Il pilota-fuggiasco è un giovane Capovaccaio, una specie di rapace conosciuto col nome scientifico di "Neophron percnopterus", che contribuirà alla riproduzione della sua specie, che ormai è a rischio di estinzione per una mirata "lotta" dell'uomo, si trasformerà, invece, anche in uno storico ricordo per il mondo scientifico e per tutti quelli che sono impegnati nella tutela naturale e della biodiversità a livello europeo.
Laerte, che ha prese il nome dalla cittadina ionica in cui è stato messo in condizione di prendere il volo, è un giovane avvoltoio maschio, balzato agli onori della cronaca perchè è un raro esempio di rapace nato in cattività.
Oggi si libra libero nel suo ambiente naturale dell'Africa, che ha raggiunto nel suo viaggio migratorio per svernare, dopo essere stato avvistato nell'Isola di Marettimo a 650 chilometri dalla zona del rilascio.

Il rapace, conosciuto anche come «avvoltoio degli egizi», fu liberato, per prendere il volo in autonomia nello scorso agosto, nella Gravina di Laterza in seguito ad un accordo tra la provincia di Grosseto, attraverso al suo assessorato alla Conservazione della Natura, l'Ufficio Parchi e Riserve naturali della Regione Puglia, WWF, LIPU e Comune ionico.
La gravina laertina è stata anche prescelta perché per essa è stato avviato un progetto POR-Puglia "Piano d'adozione per la conservazione del Capovaccaio - Area delle gravine", curato dallo stesso Comune di Laterza.
Un'area, quindi, dove tutte le condizioni climatiche ed ambientali hanno consentito che il rapace potesse essere liberato, oltre ad essere - come è stato spiegato in un recente specifico forum tenutosi nella Cittadella comunale della Cultura - qualificato punto di riferimento nella Terra delle Gravine, può contare sull'importante Oasi Lipu.

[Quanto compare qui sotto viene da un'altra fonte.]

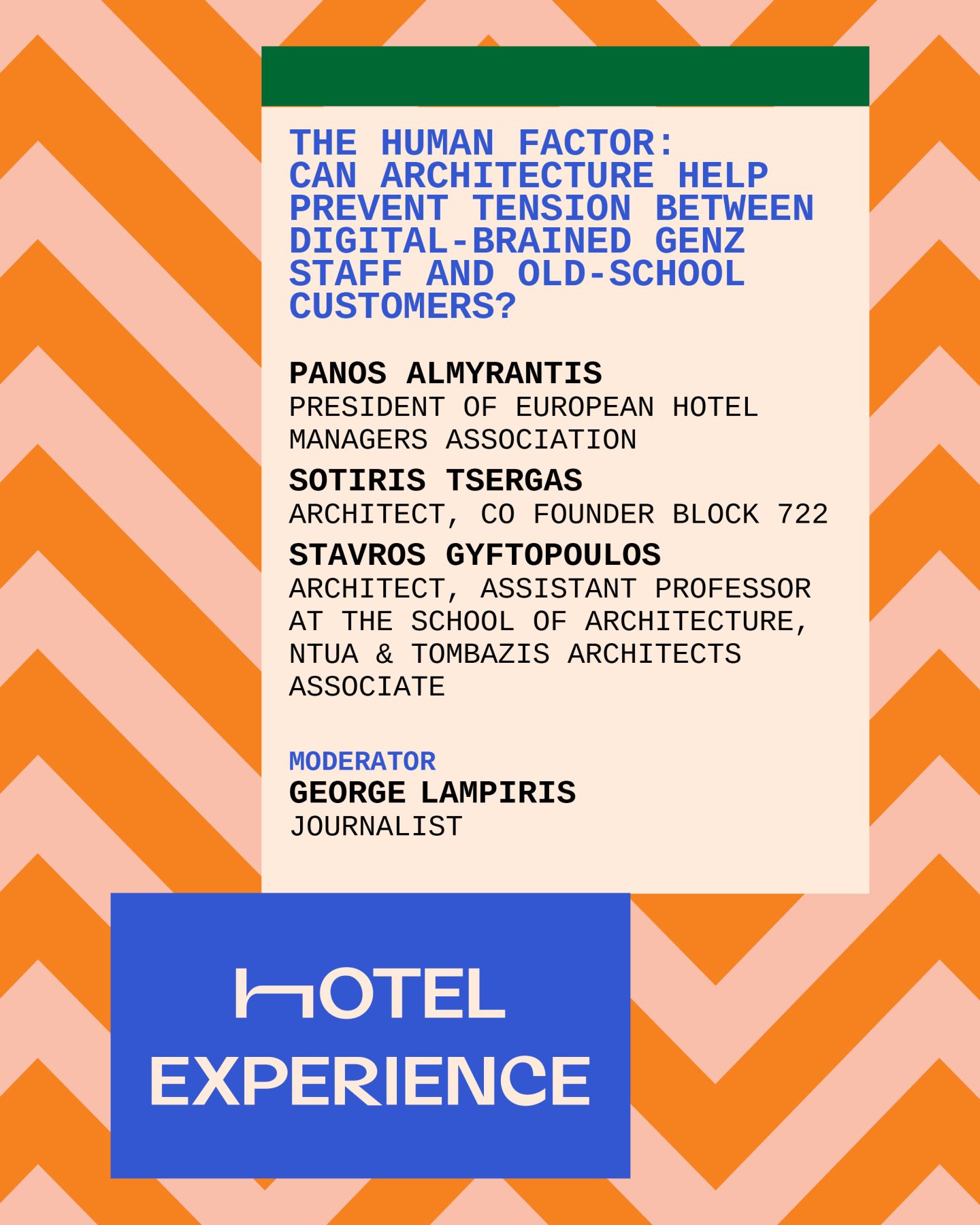 Το Σαββατοκύριακο 18–19 Οκτωβρίου, η Τεχνόπολη του Δήμου Αθηναίων μεταμορφώνεται σε κινηματογραφικό σκηνικό, στο πλαίσιο του Hotel Experience 2025, για να υποδεχτεί ομιλητές και επισκέπτες από όλο το οικοσύστημα της υψηλής φιλοξενίας. Το Σάββατο 18 Οκτωβρίου παρακολουθήστε τη συζήτηση ανάμεσα στον Πάνο Αλμυράντη (President of European Hotel Managers Association, ELLA Resorts Chief Growth & Commercial Officer ), τον Σωτήρη Τσέργα (Architect, Co Founder Block 722), τον Σταύρο Γυφτόπουλο (Architect, Assistant Professor at the School of Architecture, NTUA & Tombazis Architects Associate), με συντονιστή τον Γιώργο Λαμπίρη (Journalist Powergame.gr / Parapolitika FM) σχετικά με το πως ο χωρικός σχεδιασμός μπορεί να διαμεσολαβήσει στις εντάσεις που προκύπτουν στη σχέση της Gen Z όταν έρχεται αντιμέτωπη με ένα πελατολόγιο άλλης γενιάς στο εργασιακό περιβάλλον.

Laerte è stato portato all'età di due mesi nella gravina ionica da Semproniano, ove sorge il centro di riproduzione gestito dal WWF della Toscana, dotato di anelli di riconoscimento.
Le nuove dimore pugliesi di Laerte, antecedentemente il suo primo volo, sono divenute, quindi, le cavità rocciose della gravina del territorio, in cui, antecedentemente, erano state già preparate le zone di alimentazione e controllo.
Tutto, però, con l'attenzione da parte degli esperti, che lo hanno continuamente monitorato con un sistema di videocamere, di fargli evitare ogni contatto con le persone e non condizionarne le abitudini. Laerte si è abituato presto agli anfratti della murgia ionica come fossero il suo luogo di nascita e si spera che negli anni futuri diventeranno luoghi sicuro per nidificare.

L'avventura della vita in autonomia per Laerte è iniziata il 22 agosto scorso, quando ha preso definitivamente il vento e la rotta per migrare verso il Nord dell'Africa sahariana in compagnia di altri suoi simili adulti.
Il recente fortunato avvistamento del capovaccaio, nei pressi della Tunisia, è ritenuto un riuscito esperimento della tecnica di rilascio «Hacking» applicata per la prima volta a uccelli migranti ed è considerato anche una vittoria per la stessa oasi laertina.
Qui il rapace, insieme ad uno stormo di adulti, ha messo in mostra le sue tre penne remiganti decolorate sull'ala sinistra per il riconoscimento e l'anello blu con la scritta bianca "IBT".
L'ospitalità fornita per la riproduzione del rapace - è stato sostenuto nel corso del forum - fa riproporre l'urgenza di definire il Parco regionale delle Gravine, anche quale tutela di una risorsa faunistica indispensabile all'equilibrio dell'eco-sostenibilità ambientale e di cui Laerte potrà giovarsene al suo ritorno atteso fra tre-quattro anni.